My mind immediately went in a particular direction, but I’m going to come at it from the long way around. Because that’s just the kind of hairball I am. Let’s start with the question: what calibers do Glocks come in?
I can almost visualize a .380 ACP Glock AR carbine (or an AR pistol). The vision I have of it in my head is that it would be a kind of cute plinking gun…that shoots relatively expensive ammo and doesn’t have a fun switch. It reminds me of the old MAC-11, but even less useful. (Though the AR platform carbine would perhaps be more reliable.)
9mm seems to be where the AR/Glock action is, and for good reason: 9mm ARs are fairly popular in various places, 9mm ammo is relatively cheap, and this seems like a very practical pistol caliber carbine. Perhaps even more so if you pay for the tax stamp and make it a short-barreled rife. I think a lot of folks are looking at these, even without the SBR tax stamp, as good home defense weapons: easier to handle, point, and shoot than a pistol, without the possible over penetration issues of 5.56.
You could make the same argument for .40 S&W, except that the ammo isn’t as cheap as 9mm. and I don’t think it has the same following that the 9mm carbine has in the tactical community.
.45 ACP could be an interesting build.

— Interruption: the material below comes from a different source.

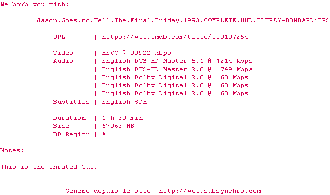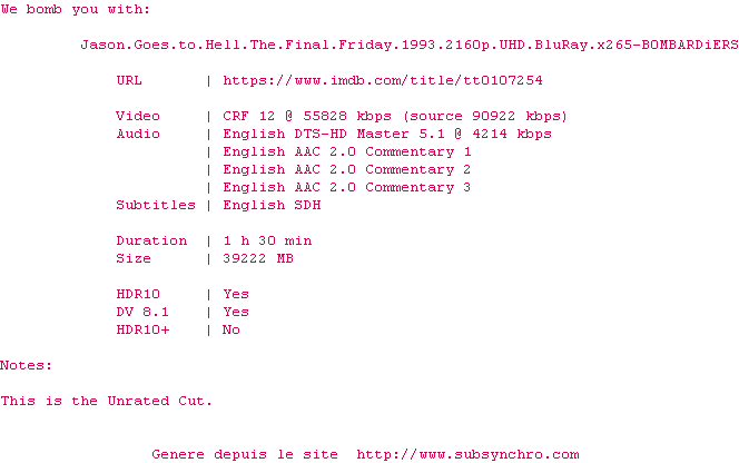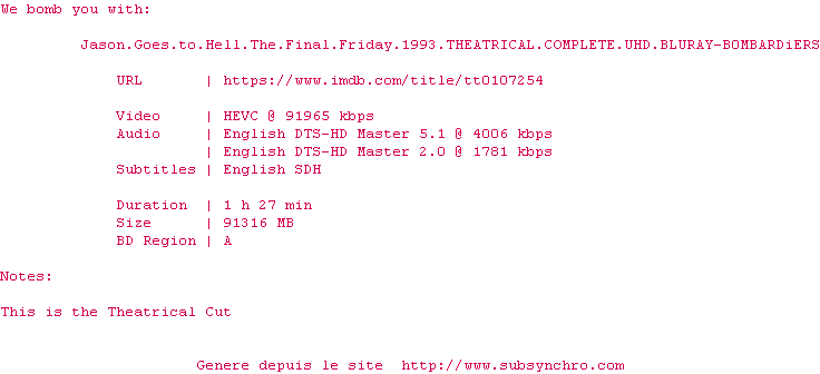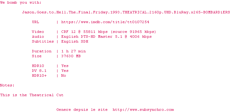 Parmi les personnages ont en a quand même un qui sort du lot (un expert sur Jason) et qui est ainsi mémorable. L'histoire est bizarre et ce n'est plus vraiment un slasher (la franchise avait été rachetée par New Line préalablement ce qui explique les tentatives de chambouler un peu les choses).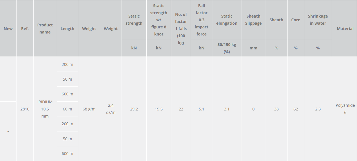 • Product description: CAMP IRIDIUM 10.5 mm - Semi-static rope

I don’t see a lot of tactical operators talking about operating tactically with .45 ACP carbines. But I don’t hang out with a lot of tactical operators, either. Feel free to correct me if I’m wrong.
.45 GAP? Well, that’d be weird. The Winchester ballistics calculator on my phone says that .45 GAP will drop a little less and have slightly more velocity at 50 yards. But my impression is that .45 GAP is a dying caliber (even though Glock still chambers guns in it) and is maybe a little more expensive than .45 ACP by a few dollars a box for comparable ammo. However, I haven’t shot or bought .45 GAP, so don’t take that as gospel truth. Check prices at your local dealer or online ammo vendor.
.357 SIG? Ah. That’s the first place my mind went. I remember .357 SIG being touted as having a flatter trajectory than the .357 Magnum, but the same punch at range, higher capacity, and the ability to actually feed it in auto pistols. That same Winchester calculator (which only goes out to 50 yards on the iPhone) does show slightly less drop and a slightly lower velocity for the .357 SIG at 50 yards. If I can find a better calculator, I’d love to run numbers out to 100 yards.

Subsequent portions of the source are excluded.